Some of the information out there about where we are and where we're going is a bit disparate and lost in the noise of many separate Tasks and impending gerrit commits. This is an attempt to bring together a coherent view of the current state of things, the next upcoming steps, etc. If you know information that isn't here (missing Task refs, etc) please feel free to correct it! The Description here will evolve as we go, use comments to discuss, etc.
- **Definitions**
- Primary Wiki Domains - These are the canonical site/domain names that are both (a) contained in the SAN wildcard list of our primary unified production certificate, and (b) served by the primary production traffic clusters (text, mobile, and upload). Neither of those lists is a superset of the other today, so we're looking at an intersection.
- The SAN wildcard list, keeping in mind that wildcards only cover one level of hostname depth, is: *.X.org + *.m.X.org, where X is any of: wikipedia, wikimedia, wiktionary, wikiquote, wikibooks, wikisource, wikinews, wikiversity, wikidata, wikivoyage, wikimediafoundation, or mediawiki, as well as the special case *.zero.wikipedia.org.

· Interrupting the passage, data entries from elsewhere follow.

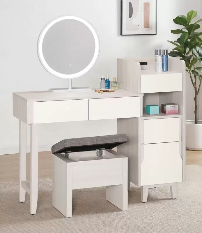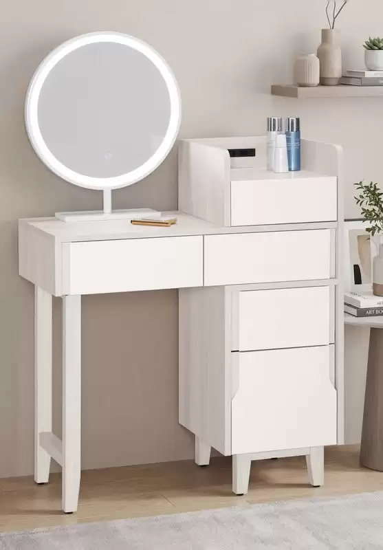 娜迪亞2.7尺伸縮化妝台含椅 首頁 產品型錄 床組+衣櫃 娜迪亞床組 娜迪亞2.7尺伸縮化妝台含椅 產品型號 : 2027-2 線上型錄 滿萬折千 價格 : 13900 規格選項 : 娜迪亞2.7尺伸縮化妝台含椅 數量 : 加入詢價車 娜迪亞2.7尺伸縮化妝台含椅 價格 : $ 13900 寬80~109 深40 高130 公分 材質:採用符合國際標準低甲醛防蛀木心板 塗裝:採用PU耐磨耐水塗裝 面板:採用美耐皿木心板材質,具有耐高溫.耐刮磨特性 抽屜:採用三節式滑軌 背板:美背處理 手把:採用J型封邊技術.美觀.防潮.耐用 化妝台:採用安全開關插座,鏡框採用LED觸控式三段亮燈模式 化妝椅:可掀開置物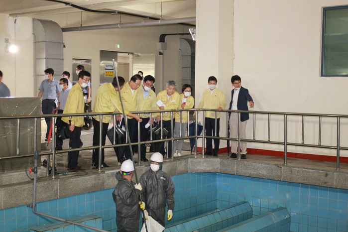 최근 전국적으로 확산되고 있는 수돗물 유충 사태에 따라 그 근원지로 알려진 정수장 내 입상 활성탄 등 여과지에 대한 실제 확인‧점검이 필요하다는 시의원들의 지적에 따라 미래통합당 소속 부산시의회(원내대표 김진홍 의원) 의원 4명과 이근희 본부장을 비롯한 부산상수도사업본부 관계자들은 지난 27일(월) 오후 서부산권 수돗물을 담당하고 있는 덕산정수장에 대한 현장 점검을 실시했다.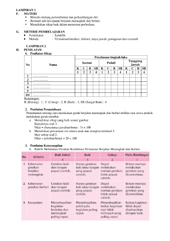 b. Rubrik Melakukan Gerakan Kombinasi Permainan Berjalan Merangkak dan Berlari.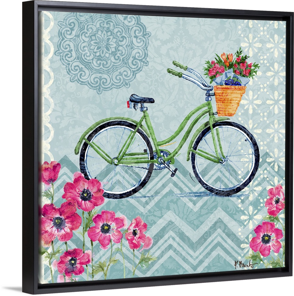 <p>Decorative panel of a vintage bicycle with a basket of flowers on a textured background and flowers on the edges.</p>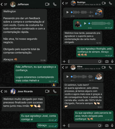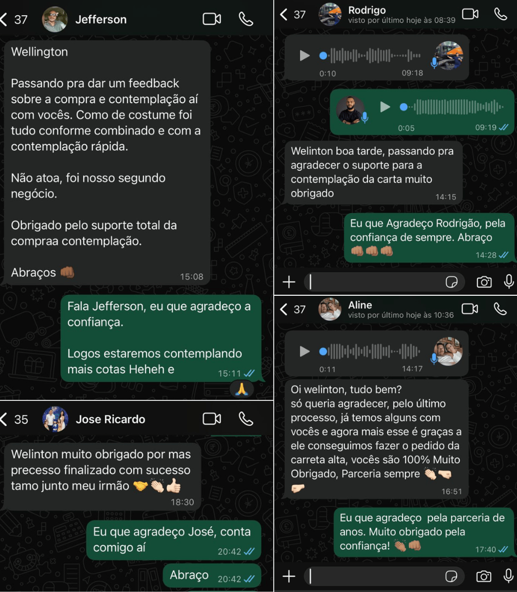 Provas reais, de pessoas reais que confiaram no meu trabalho e conquistaram seu bem por meio do consórcio. Cada mensagem é um lembrete de que, quando existe estratégia, confiança e dedicação, o resultado chega.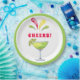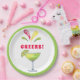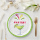 Ces assiettes en papier ludique sont décorées d'aquarelle avec des margaritas festives et le dicton "cheers !" Les couleurs sont rouge, vert et jaune.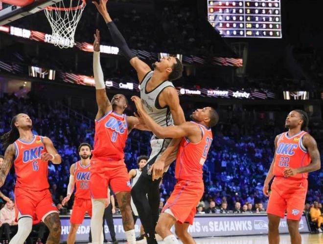 决胜时刻,文班尽显巨星本色,8分钟时间得到15分1盖帽,帮助球队领先4分进入最后一分钟。终场前10秒,双方开始点球大战,频频利用战术犯规让对手站上罚球线,随着最后杰伦-威廉姆斯故意二罚一中,卡鲁索补篮偏出,比赛时间走完。最终全场比赛结束,马刺111-109险胜雷霆晋级NBA杯决赛,同时终结雷霆16连胜,送对手赛季第二败。这一战,我必须承认5个事实。第一,看来雷霆也并非一家独大,本赛季谁能笑到最后夺冠,还说不定,马刺毕竟也是一支年轻球队,才刚开始崛起,就能击溃雷霆这样的历史级别队伍,确实意想不到。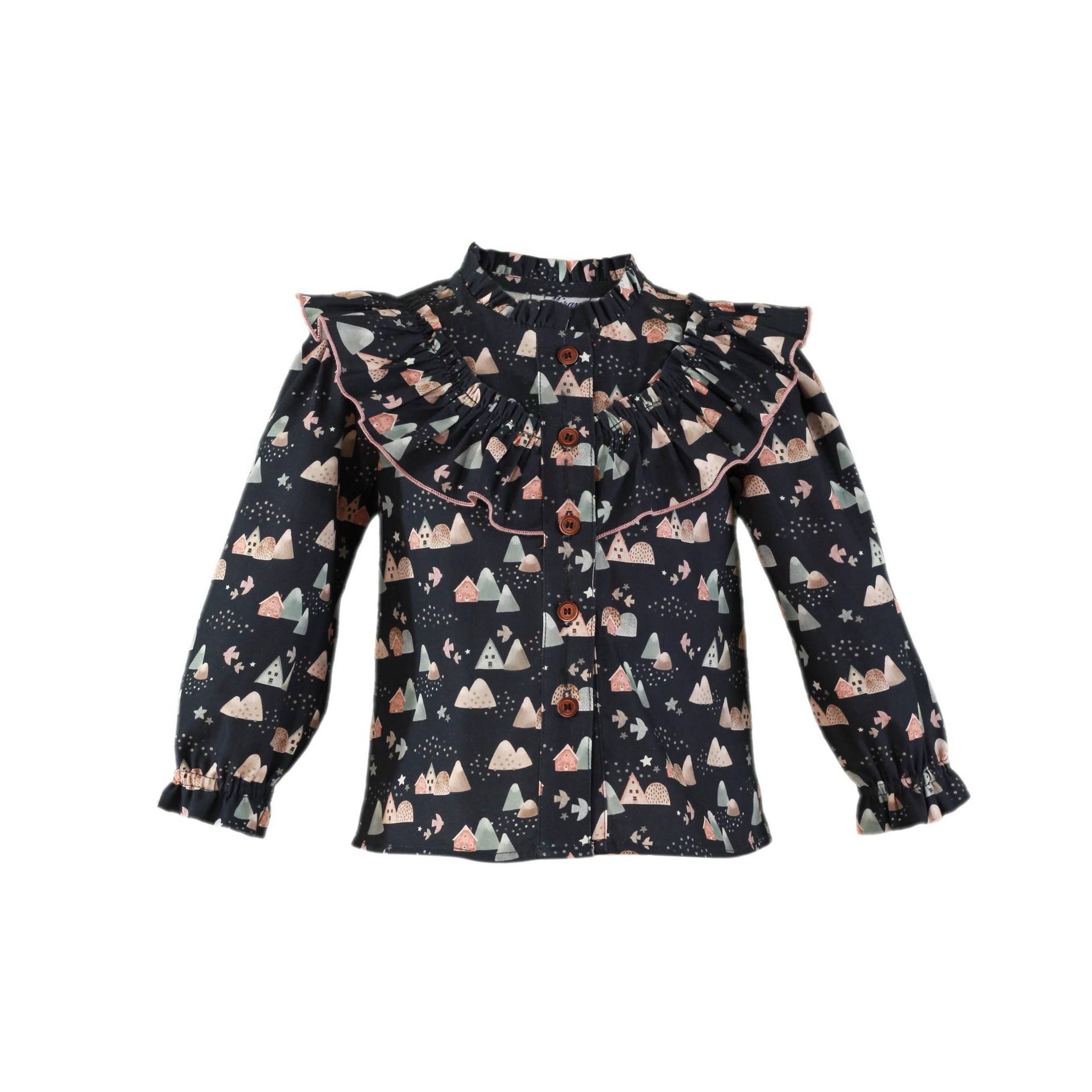 Navy viella blouse with a pretty cassia print in grey and brick tones with a brick-coloured skirt-pants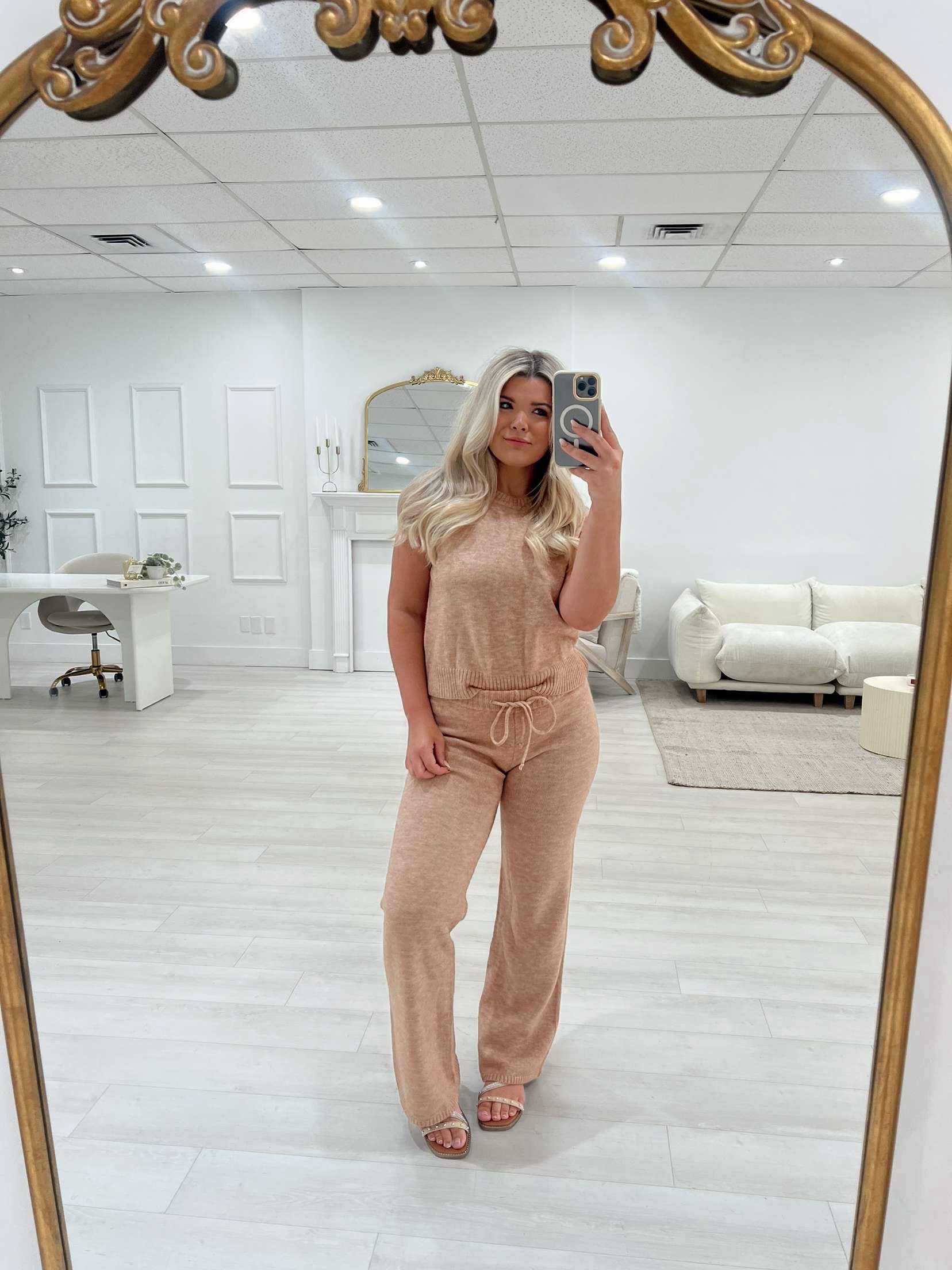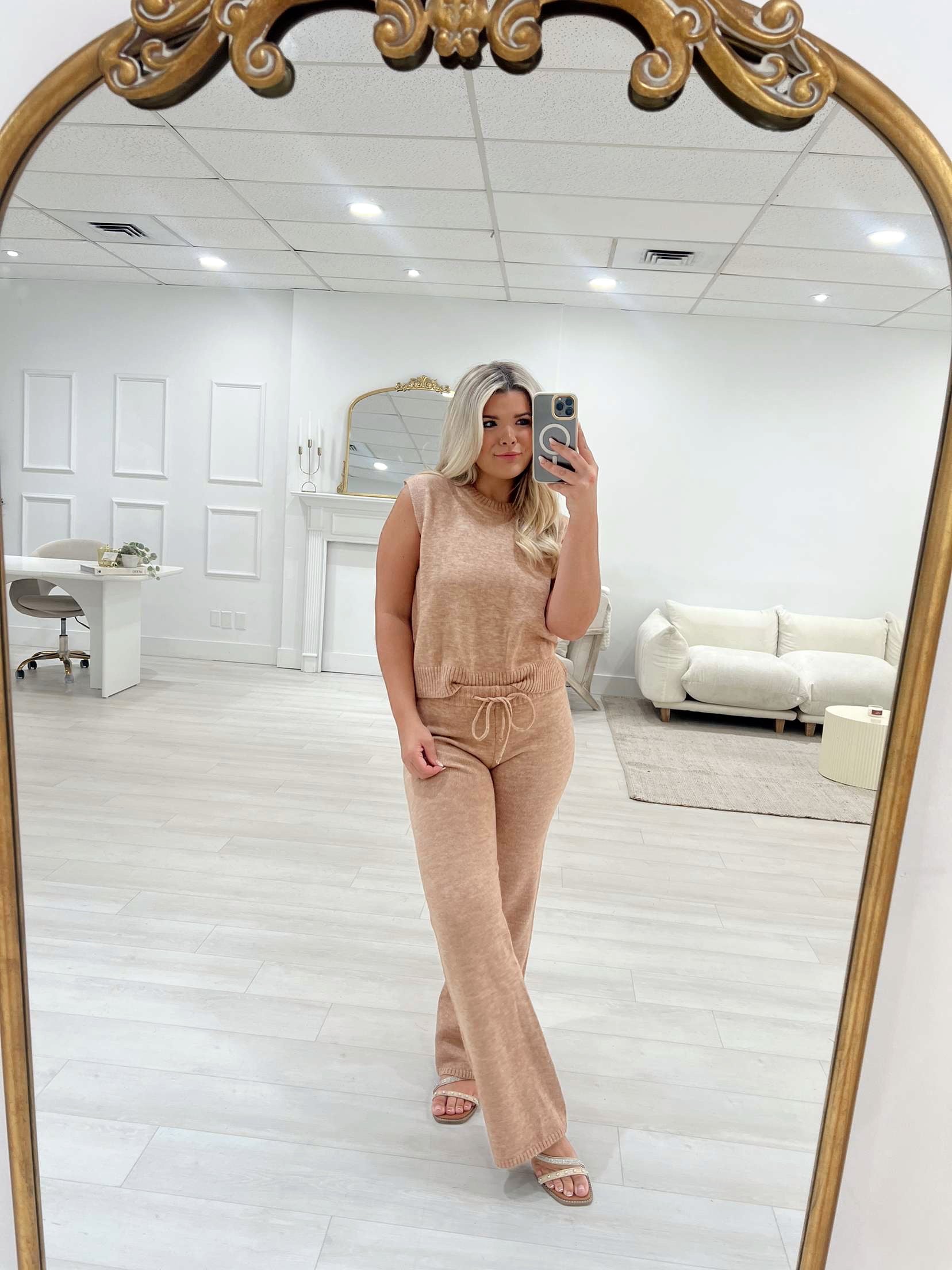 Elastic waist band, adjustable drawstring knit pants with a knit vest top that is sleeveless & hip length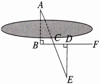 1. 如图,要测量河两岸相对的两点$A$,$B$间的距离,可以在$AB$的垂线$BF$上取两点$C$,$D$,使$BC = CD$,再定出$BF$的垂线$DE$,使点$A$,$C$,$E$在一条直线上,这时测得$DE$的长度就是$AB$的长。为什么?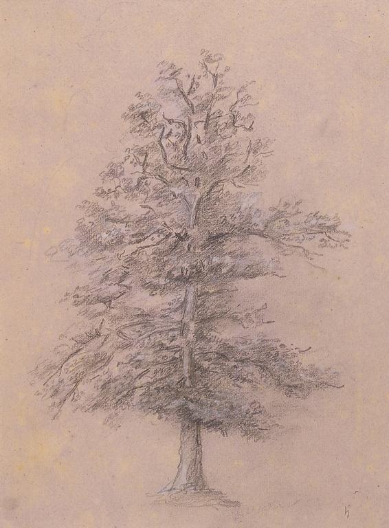 Théodore Rousseau; Tree Study; 1825; graphite and white chalk on lavender wove paper; The Minneapolis Institute of Arts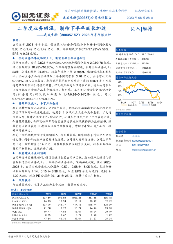 本报告分析了我武生物2023年半年报,指出公司二季度业绩回暖,全年有望加速增长。公司保持高毛利率,并通过持续的研发投入和新产品、新适应症的拓展,丰富产品线,降低营收集中风险。此外,公司在干细胞领域的研究开发也在深入进行。报告预测了公司未来三年的营收和净利润,并维持“买入”评级,同时也提示了行业政策、产品集中和新药开发等风险。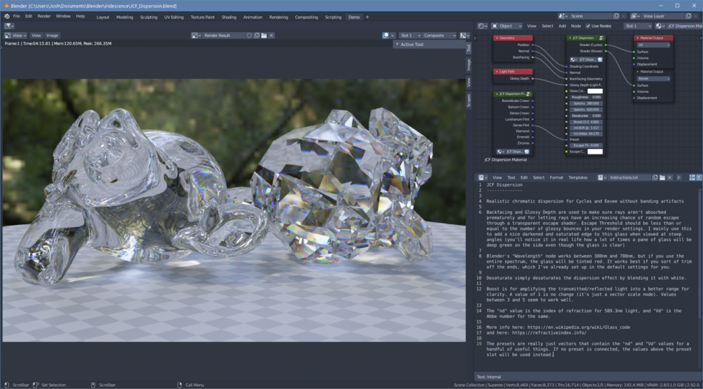 This is an easy to use realistic chromatic dispersion material for Blender that works in both Cycles and Eevee.
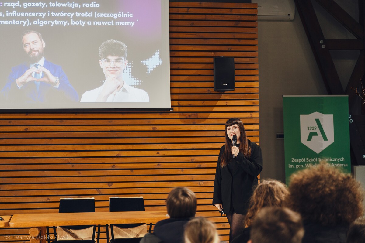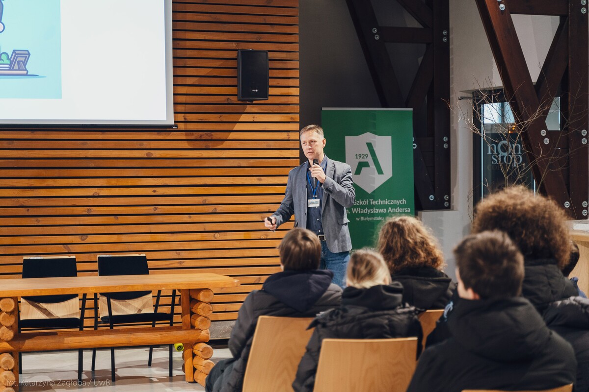 W Zespole Szkół Technicznych im. Gen. Andersa w Białymstoku odbył się cykl zajęć dla uczniów klas drugich, zorganizowany w ramach uniwersyteckiej akcji Studiuj z UwB we współpracy z wykładowcami oraz studentami naszych wydziałów. Spotkanie miało na celu przybliżyć młodzieży aktualne wyzwania związane z technologią, bezpieczeństwem informacyjnym oraz wpływem mediów na kształtowanie opinii publicznej.

- Which DNS domainnames map to the text, mobile, and upload clusters is determined by looking in our DNS repo at which things are mapped to the geoip upload-addrs, text-addrs, or mobile-addrs endpoints. Only upload.wikimedia.org maps to the upload cluster. Most other primary wikis you would think of in the SAN domains map to text-addrs, and the .m. variants map to mobile-addrs.
- Misc-Web Cluster Domains - Everything mapped via DNS to misc-web-lb.eqiad.wikimedia.org today. Almost all of these services are within the SAN element *.wikimedia.org, with the exceptions of *.planet.wikimedia.org and *.wmfusercontent.org, both of which we have separate certificates for. These all terminate through the "misc-web" nginx/varnish infrastructure, and in that sense are very similar in technical setup to (and share some code with) the Primary Wiki Domains above. Examples include: policy.wikimedia.org, phabricator.wikimedia.org, graphite.wikimedia.org, git.wikimedia.org, etc...
- Other Domains - Random one-offs which (sometimes for good reasons!) we have not placed behind the Misc-Web cluster, so they run their own independently-managed apache or nginx instance facing the world directly. This currently includes examples like: gerrit.wikimedia.org, icinga.wikimedia.org, etc...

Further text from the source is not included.